-- Exercise description --
Please return only the lines from the one holding "Want to explore" through the one holding "铁锅炖:在内蒙,牛羊肉是主要", exactly as they appear in the records below, both ends included.

-- Input --
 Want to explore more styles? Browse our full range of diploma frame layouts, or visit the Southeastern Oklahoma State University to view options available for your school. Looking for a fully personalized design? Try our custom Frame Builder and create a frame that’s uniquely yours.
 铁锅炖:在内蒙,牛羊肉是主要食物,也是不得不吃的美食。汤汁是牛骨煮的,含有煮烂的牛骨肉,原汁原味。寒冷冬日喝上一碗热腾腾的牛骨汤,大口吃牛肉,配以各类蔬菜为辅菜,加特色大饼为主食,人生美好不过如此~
...
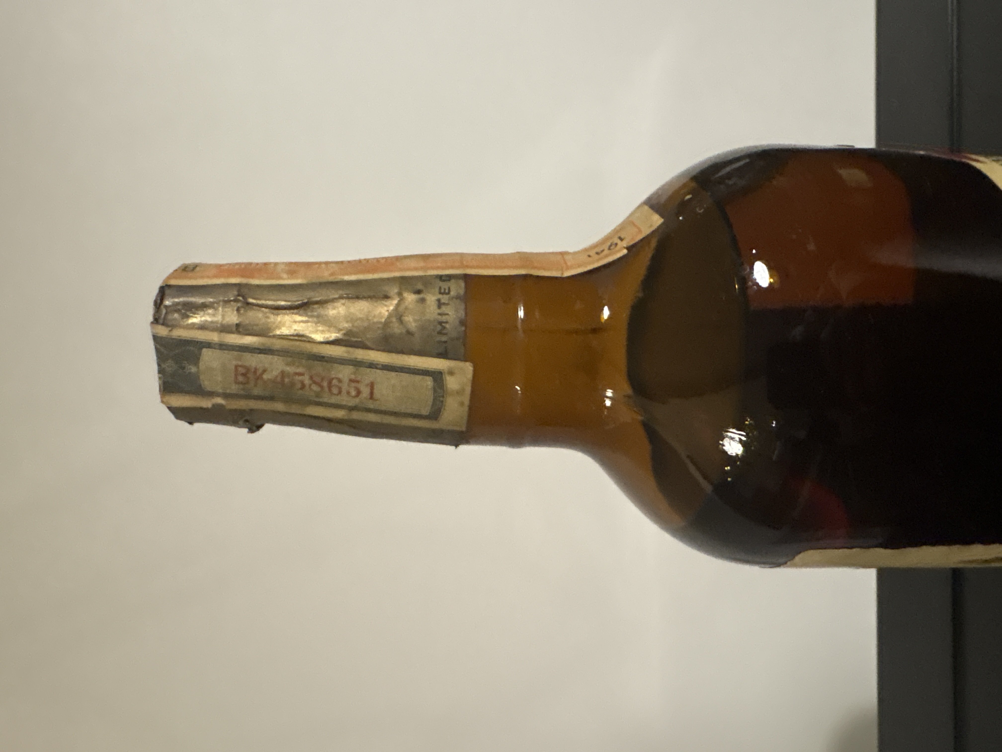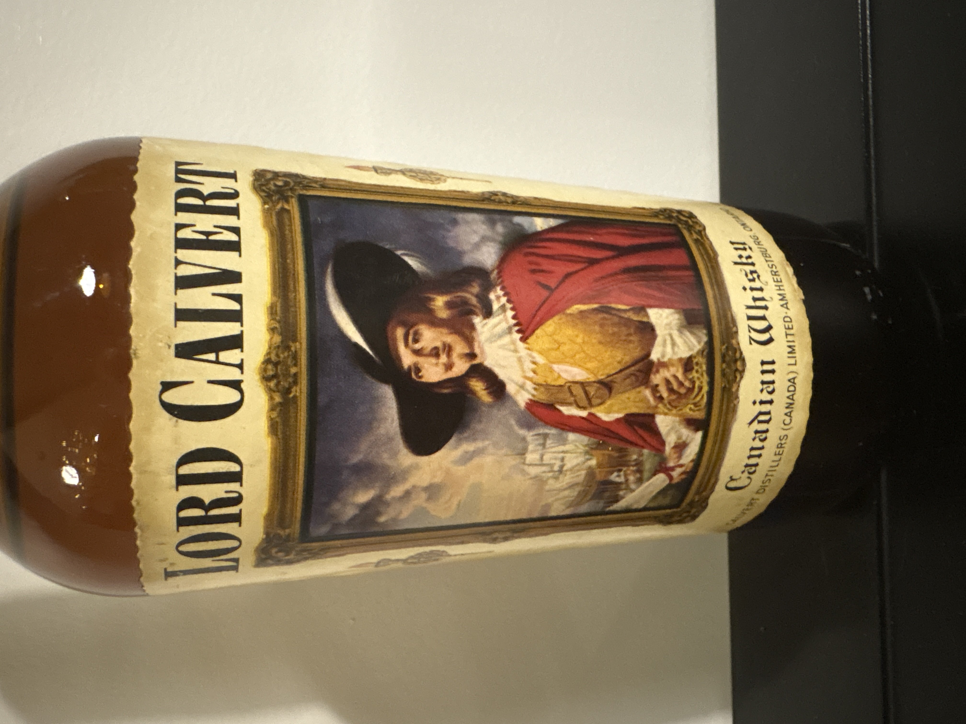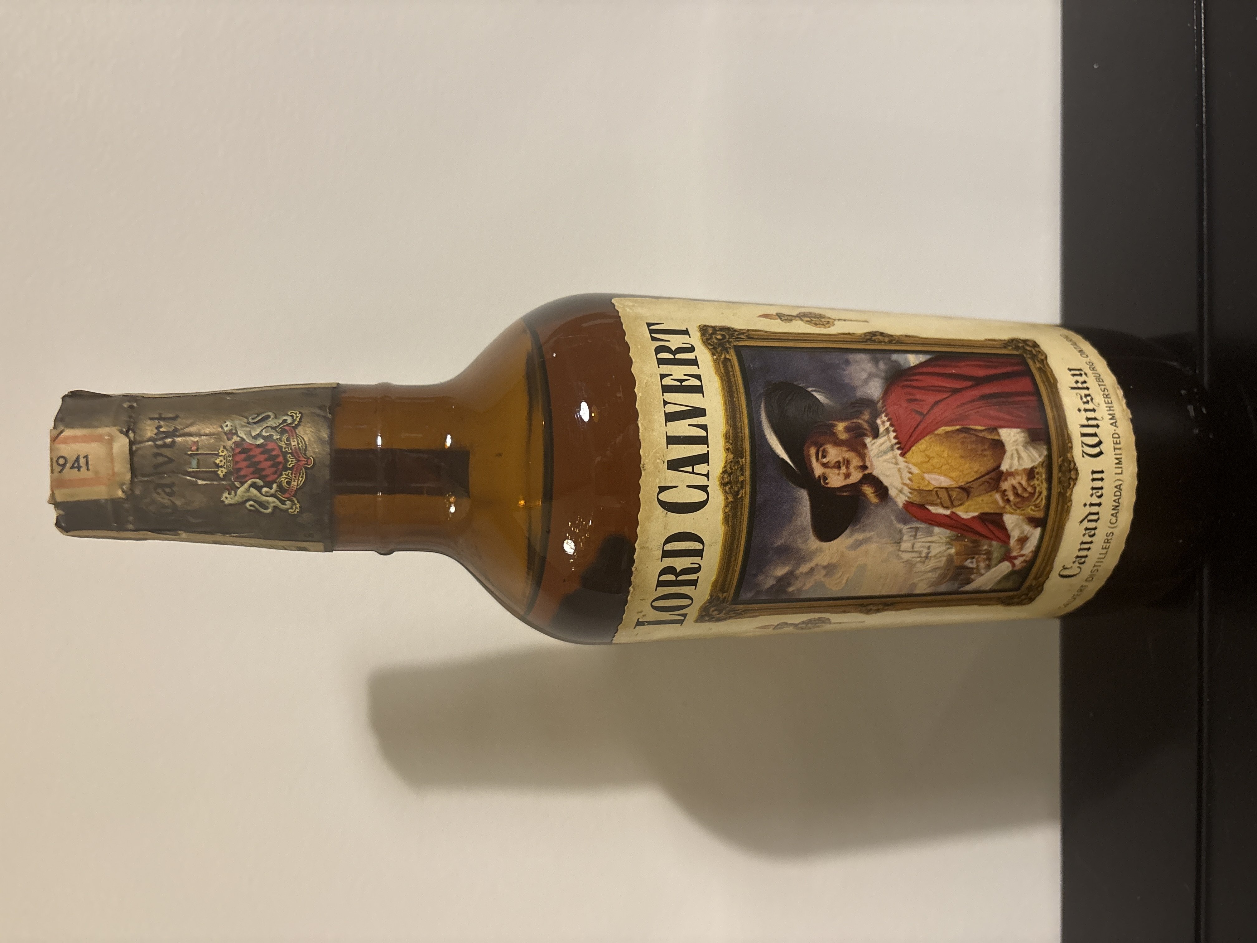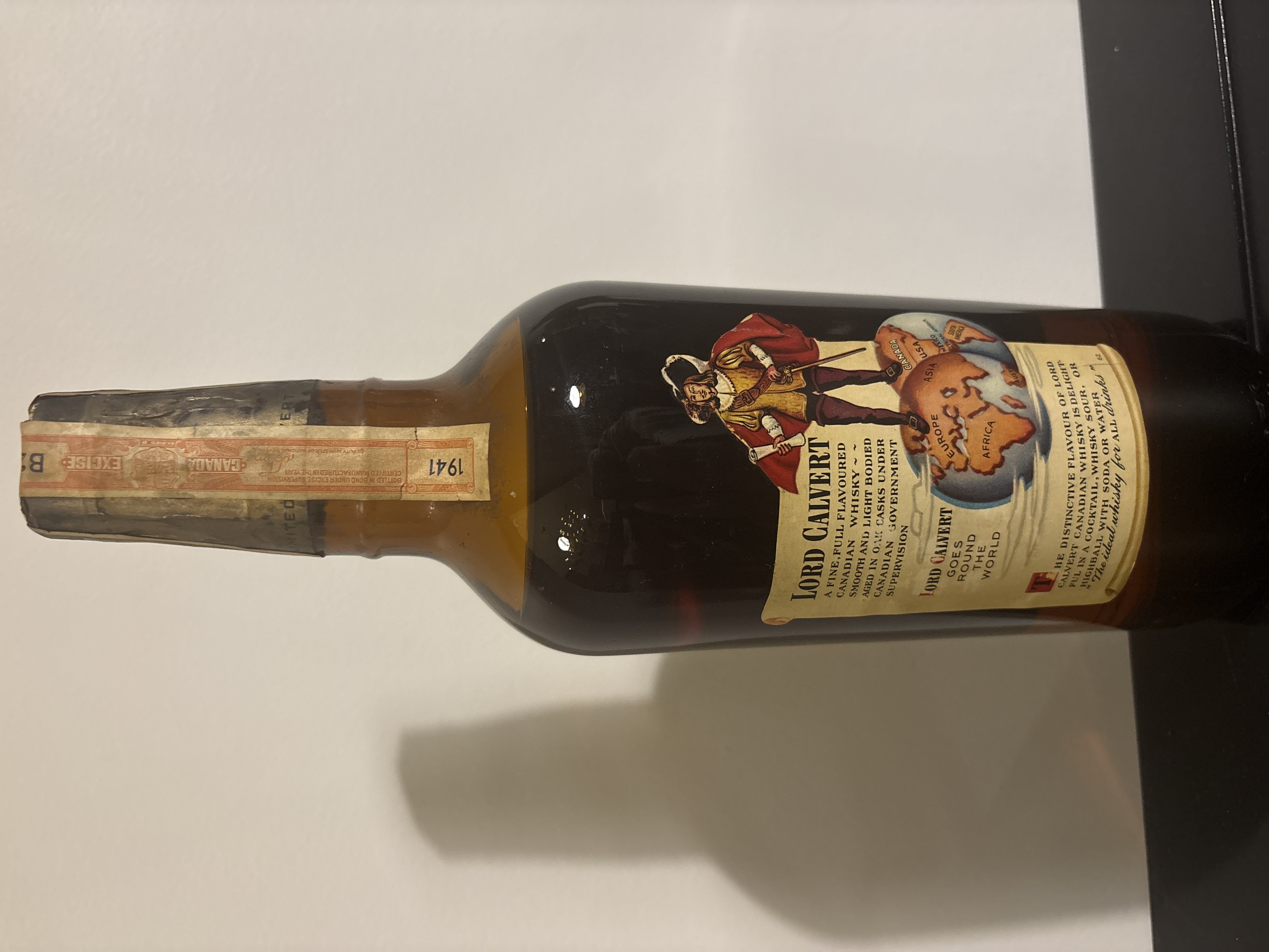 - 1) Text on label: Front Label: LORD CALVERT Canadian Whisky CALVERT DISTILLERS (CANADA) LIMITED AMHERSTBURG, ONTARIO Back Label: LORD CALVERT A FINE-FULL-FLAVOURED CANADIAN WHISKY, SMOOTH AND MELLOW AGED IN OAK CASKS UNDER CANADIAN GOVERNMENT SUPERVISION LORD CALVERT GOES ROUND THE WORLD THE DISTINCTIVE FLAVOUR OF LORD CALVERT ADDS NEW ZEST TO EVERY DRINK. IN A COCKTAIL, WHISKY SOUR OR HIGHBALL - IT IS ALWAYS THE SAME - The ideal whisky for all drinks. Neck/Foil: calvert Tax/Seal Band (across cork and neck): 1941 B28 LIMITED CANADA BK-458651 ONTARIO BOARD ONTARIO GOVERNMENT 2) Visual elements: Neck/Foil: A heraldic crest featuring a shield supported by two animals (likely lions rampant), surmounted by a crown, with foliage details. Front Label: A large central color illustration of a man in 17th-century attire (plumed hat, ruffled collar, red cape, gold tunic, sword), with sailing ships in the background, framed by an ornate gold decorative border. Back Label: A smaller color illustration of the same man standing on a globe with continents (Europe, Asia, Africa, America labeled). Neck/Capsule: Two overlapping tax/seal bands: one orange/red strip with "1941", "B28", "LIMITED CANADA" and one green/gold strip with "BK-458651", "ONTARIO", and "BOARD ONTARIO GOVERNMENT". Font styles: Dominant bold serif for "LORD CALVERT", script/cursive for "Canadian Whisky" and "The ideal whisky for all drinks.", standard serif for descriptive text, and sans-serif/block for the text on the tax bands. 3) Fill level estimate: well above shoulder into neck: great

-- Result for this task --
 Want to explore more styles? Browse our full range of diploma frame layouts, or visit the Southeastern Oklahoma State University to view options available for your school. Looking for a fully personalized design? Try our custom Frame Builder and create a frame that’s uniquely yours.
 铁锅炖:在内蒙,牛羊肉是主要食物,也是不得不吃的美食。汤汁是牛骨煮的,含有煮烂的牛骨肉,原汁原味。寒冷冬日喝上一碗热腾腾的牛骨汤,大口吃牛肉,配以各类蔬菜为辅菜,加特色大饼为主食,人生美好不过如此~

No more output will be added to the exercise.